### Exercise prompt
Reproduce only this range: the line holding "Kit multiferramenta compacto" through the last line of the data below, both included, exactly, with no pictures.

### Records for the exercise
═══

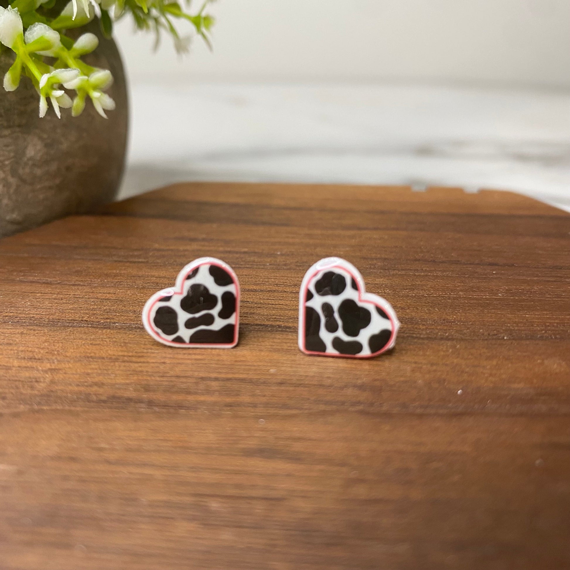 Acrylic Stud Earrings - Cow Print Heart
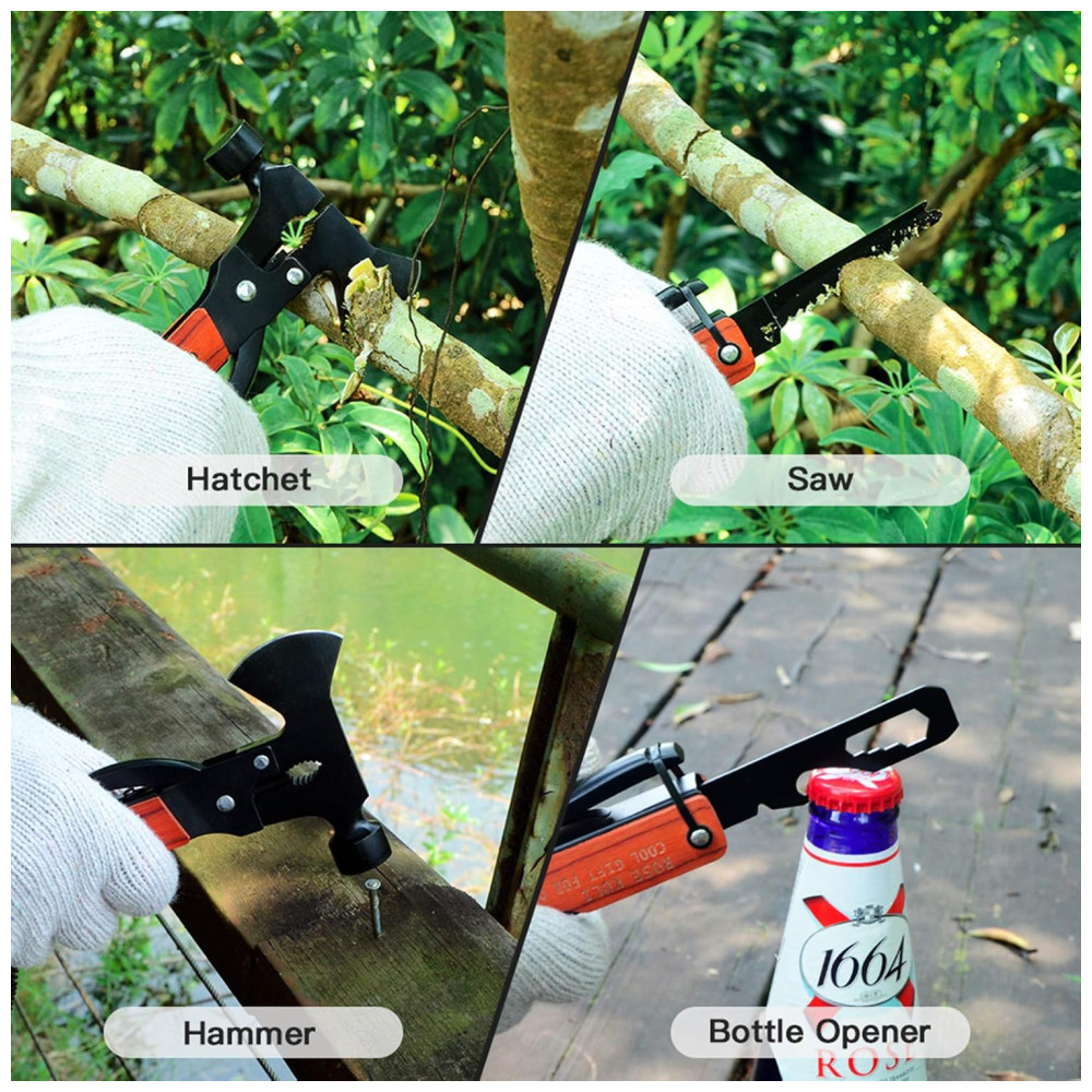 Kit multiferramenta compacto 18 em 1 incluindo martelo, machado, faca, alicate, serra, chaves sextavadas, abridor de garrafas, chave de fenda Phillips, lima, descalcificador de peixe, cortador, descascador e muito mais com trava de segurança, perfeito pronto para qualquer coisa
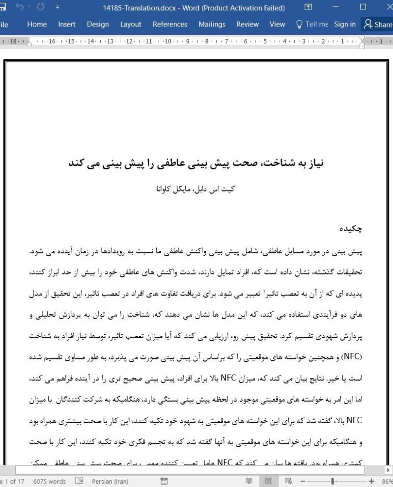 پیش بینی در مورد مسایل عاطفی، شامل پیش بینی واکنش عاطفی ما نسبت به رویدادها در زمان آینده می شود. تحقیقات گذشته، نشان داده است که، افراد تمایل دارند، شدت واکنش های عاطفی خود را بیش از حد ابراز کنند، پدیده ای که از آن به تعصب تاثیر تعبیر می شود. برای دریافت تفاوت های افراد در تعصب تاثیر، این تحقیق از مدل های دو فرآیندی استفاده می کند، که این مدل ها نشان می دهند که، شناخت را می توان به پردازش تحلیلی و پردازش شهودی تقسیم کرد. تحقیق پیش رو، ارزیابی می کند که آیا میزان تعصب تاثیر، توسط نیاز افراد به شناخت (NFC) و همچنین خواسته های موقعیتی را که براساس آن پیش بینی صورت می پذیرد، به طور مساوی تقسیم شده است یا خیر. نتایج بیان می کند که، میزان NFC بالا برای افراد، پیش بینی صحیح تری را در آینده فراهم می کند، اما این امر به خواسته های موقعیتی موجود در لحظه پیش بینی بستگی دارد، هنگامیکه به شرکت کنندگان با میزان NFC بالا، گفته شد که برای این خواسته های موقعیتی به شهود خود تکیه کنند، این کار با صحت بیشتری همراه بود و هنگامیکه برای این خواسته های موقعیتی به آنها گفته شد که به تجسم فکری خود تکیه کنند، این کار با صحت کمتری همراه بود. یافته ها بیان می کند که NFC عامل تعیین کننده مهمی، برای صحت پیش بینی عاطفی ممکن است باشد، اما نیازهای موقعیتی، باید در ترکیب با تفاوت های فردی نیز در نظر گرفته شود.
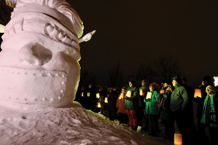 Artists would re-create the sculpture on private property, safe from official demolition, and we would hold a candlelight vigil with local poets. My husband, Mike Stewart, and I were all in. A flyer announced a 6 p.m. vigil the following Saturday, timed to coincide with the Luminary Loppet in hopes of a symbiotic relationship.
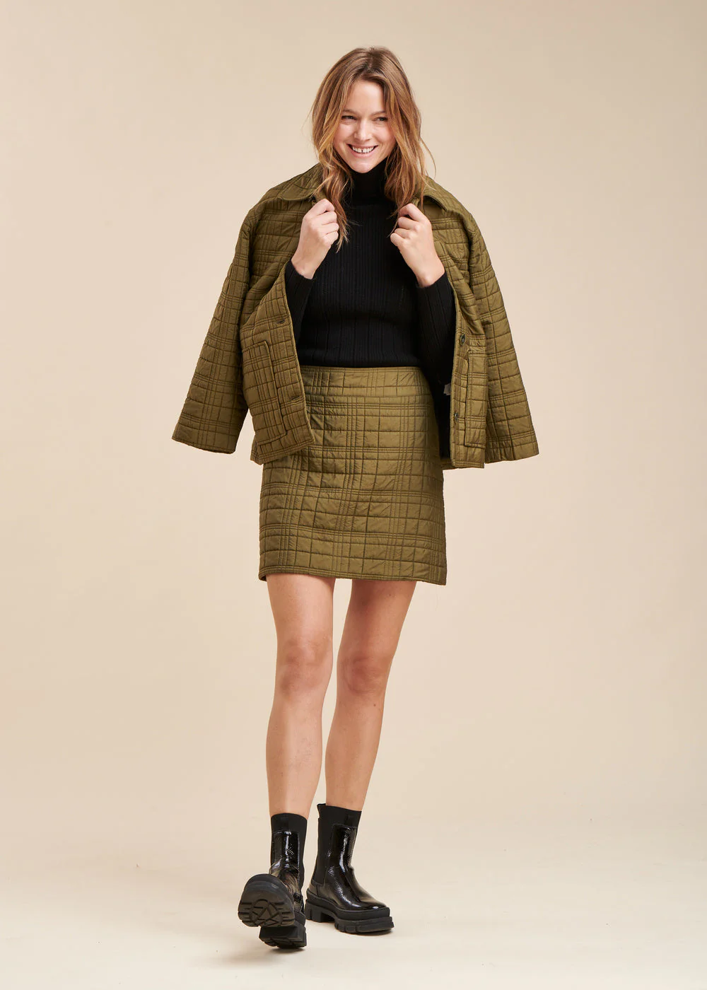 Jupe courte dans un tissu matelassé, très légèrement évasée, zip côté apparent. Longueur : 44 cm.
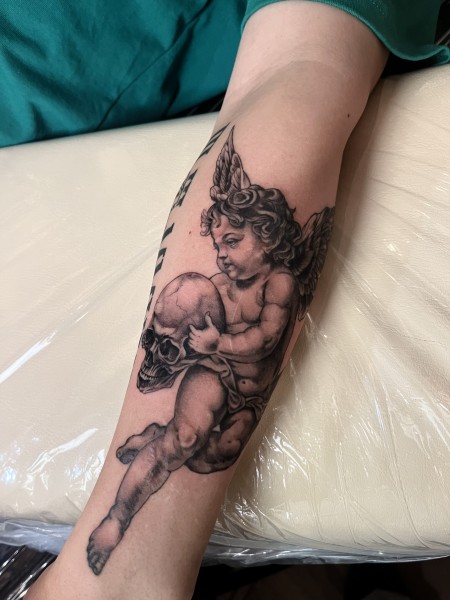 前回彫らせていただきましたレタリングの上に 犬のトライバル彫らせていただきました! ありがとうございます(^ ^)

═══

### Completed exercise
 Kit multiferramenta compacto 18 em 1 incluindo martelo, machado, faca, alicate, serra, chaves sextavadas, abridor de garrafas, chave de fenda Phillips, lima, descalcificador de peixe, cortador, descascador e muito mais com trava de segurança, perfeito pronto para qualquer coisa
 پیش بینی در مورد مسایل عاطفی، شامل پیش بینی واکنش عاطفی ما نسبت به رویدادها در زمان آینده می شود. تحقیقات گذشته، نشان داده است که، افراد تمایل دارند، شدت واکنش های عاطفی خود را بیش از حد ابراز کنند، پدیده ای که از آن به تعصب تاثیر تعبیر می شود. برای دریافت تفاوت های افراد در تعصب تاثیر، این تحقیق از مدل های دو فرآیندی استفاده می کند، که این مدل ها نشان می دهند که، شناخت را می توان به پردازش تحلیلی و پردازش شهودی تقسیم کرد. تحقیق پیش رو، ارزیابی می کند که آیا میزان تعصب تاثیر، توسط نیاز افراد به شناخت (NFC) و همچنین خواسته های موقعیتی را که براساس آن پیش بینی صورت می پذیرد، به طور مساوی تقسیم شده است یا خیر. نتایج بیان می کند که، میزان NFC بالا برای افراد، پیش بینی صحیح تری را در آینده فراهم می کند، اما این امر به خواسته های موقعیتی موجود در لحظه پیش بینی بستگی دارد، هنگامیکه به شرکت کنندگان با میزان NFC بالا، گفته شد که برای این خواسته های موقعیتی به شهود خود تکیه کنند، این کار با صحت بیشتری همراه بود و هنگامیکه برای این خواسته های موقعیتی به آنها گفته شد که به تجسم فکری خود تکیه کنند، این کار با صحت کمتری همراه بود. یافته ها بیان می کند که NFC عامل تعیین کننده مهمی، برای صحت پیش بینی عاطفی ممکن است باشد، اما نیازهای موقعیتی، باید در ترکیب با تفاوت های فردی نیز در نظر گرفته شود.
 Artists would re-create the sculpture on private property, safe from official demolition, and we would hold a candlelight vigil with local poets. My husband, Mike Stewart, and I were all in. A flyer announced a 6 p.m. vigil the following Saturday, timed to coincide with the Luminary Loppet in hopes of a symbiotic relationship.
 Jupe courte dans un tissu matelassé, très légèrement évasée, zip côté apparent. Longueur : 44 cm.
 前回彫らせていただきましたレタリングの上に 犬のトライバル彫らせていただきました! ありがとうございます(^ ^)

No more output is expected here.